これらは、実際にわたしがよく耳にする、神戸にまつわる疑問の声です。 あれこれ味を追求するより、そうしたものだと割り切ってシンプルに楽しむほうがいいのかもしれません。神戸には日本を代表する洋菓子メーカーがいくつも本社を構えており、多くは戦前、あるいは戦後間もないころから続いている、由緒あるメーカーばかりです。神戸からやや視界を広げ、兵庫県全体を見てみると、思いつくのが明石焼きでしょうか。
見た目がタコ焼きにそっくりの食べ物で、じつはたこ焼きの元となったともいわれています。実際、中にタコを入れるのですから、たこ焼きといってもいいくらいのものですが、店によってはタコではなく穴子を使うところもあるそうです。ソースをつけるたこ焼きとはちょっと品が違うような感じがするものです。

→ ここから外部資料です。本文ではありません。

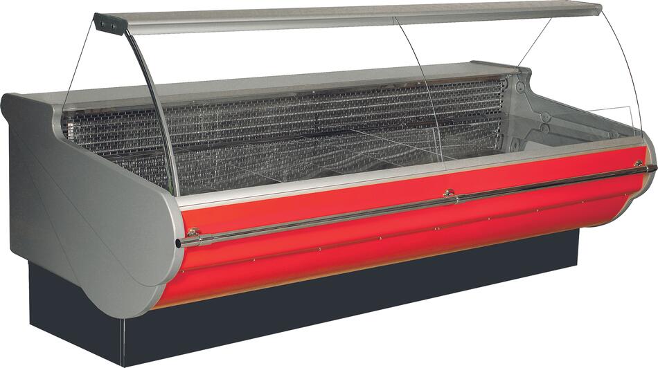 ventilované chlazení|vestavěný agregát|digitální termostat|automatické odtávání|odtávací tyč pod výparníkem|vyhřívané čelní sklo|vnitřní skleněná clona proti mlžení|LED osvětlení vitríny barva růžová (na maso)|nerezová výstavní plocha|nerezový úložný prostor|nerezová odkládací deska|bočnice ABS|zadní plexi krytí|chromovaná tyč proti nárazu|zásuvka 230 V / 50 Hz

ならば最初からソースだけでいいのでは、という気もしますが、その辺りは店独自の感覚なのでしょうか。全国的な知名度ではたこ焼きに大きく後れを取っていますが、観光客のなかには明石焼き目当ての方も多くいらっしゃるようで、決して無名の存在ではありません。味は店によって千差万別ですが、少しでも多くの人に広まってくれればいいと思う食べ物ではあります。